--- RECORDS FOR THE EXERCISE Enclosed Below ---

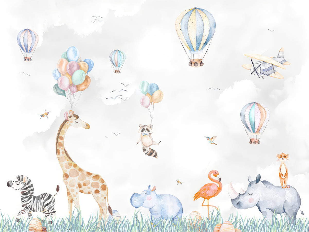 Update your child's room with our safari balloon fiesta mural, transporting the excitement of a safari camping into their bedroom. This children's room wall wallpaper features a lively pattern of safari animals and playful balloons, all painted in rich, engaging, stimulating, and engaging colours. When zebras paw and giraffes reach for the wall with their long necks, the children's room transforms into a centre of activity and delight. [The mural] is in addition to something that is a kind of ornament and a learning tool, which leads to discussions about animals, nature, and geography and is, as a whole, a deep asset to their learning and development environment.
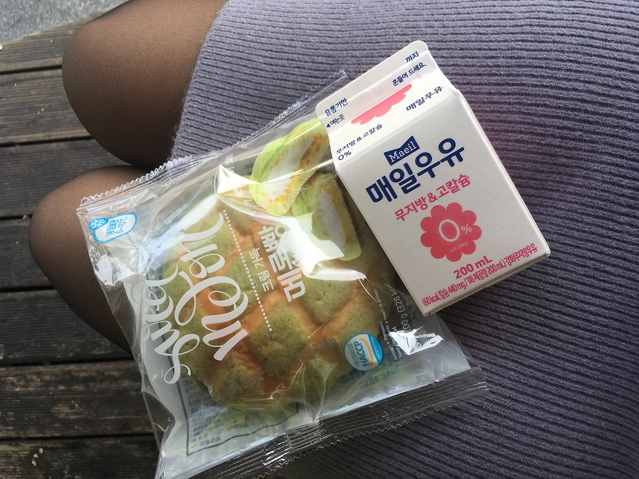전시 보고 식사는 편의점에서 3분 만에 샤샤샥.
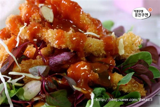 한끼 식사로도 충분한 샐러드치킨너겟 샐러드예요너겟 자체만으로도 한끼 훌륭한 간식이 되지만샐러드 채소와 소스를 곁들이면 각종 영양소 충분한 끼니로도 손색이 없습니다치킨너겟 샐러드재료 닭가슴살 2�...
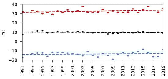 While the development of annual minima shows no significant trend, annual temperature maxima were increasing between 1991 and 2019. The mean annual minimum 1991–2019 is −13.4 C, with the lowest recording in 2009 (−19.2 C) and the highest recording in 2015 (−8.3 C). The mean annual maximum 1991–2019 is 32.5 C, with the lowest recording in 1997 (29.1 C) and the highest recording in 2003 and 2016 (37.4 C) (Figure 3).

--- End of Enclosed RECORDS FOR THE EXERCISE ---
--- RECORDS FOR THE EXERCISE Enclosed Below ---

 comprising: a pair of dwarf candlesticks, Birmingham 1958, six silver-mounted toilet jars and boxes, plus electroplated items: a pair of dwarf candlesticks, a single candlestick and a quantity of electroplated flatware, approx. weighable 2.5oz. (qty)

--- End of Enclosed RECORDS FOR THE EXERCISE ---

(AIM OF THE TASK) Restate word for word every line from the one with "Update your child's" up to and including the one with "While the development" in the records above, minus the pictures.

(EXERCISE RESULT)
 Update your child's room with our safari balloon fiesta mural, transporting the excitement of a safari camping into their bedroom. This children's room wall wallpaper features a lively pattern of safari animals and playful balloons, all painted in rich, engaging, stimulating, and engaging colours. When zebras paw and giraffes reach for the wall with their long necks, the children's room transforms into a centre of activity and delight. [The mural] is in addition to something that is a kind of ornament and a learning tool, which leads to discussions about animals, nature, and geography and is, as a whole, a deep asset to their learning and development environment.
전시 보고 식사는 편의점에서 3분 만에 샤샤샥.
 한끼 식사로도 충분한 샐러드치킨너겟 샐러드예요너겟 자체만으로도 한끼 훌륭한 간식이 되지만샐러드 채소와 소스를 곁들이면 각종 영양소 충분한 끼니로도 손색이 없습니다치킨너겟 샐러드재료 닭가슴살 2�...
 While the development of annual minima shows no significant trend, annual temperature maxima were increasing between 1991 and 2019. The mean annual minimum 1991–2019 is −13.4 C, with the lowest recording in 2009 (−19.2 C) and the highest recording in 2015 (−8.3 C). The mean annual maximum 1991–2019 is 32.5 C, with the lowest recording in 1997 (29.1 C) and the highest recording in 2003 and 2016 (37.4 C) (Figure 3).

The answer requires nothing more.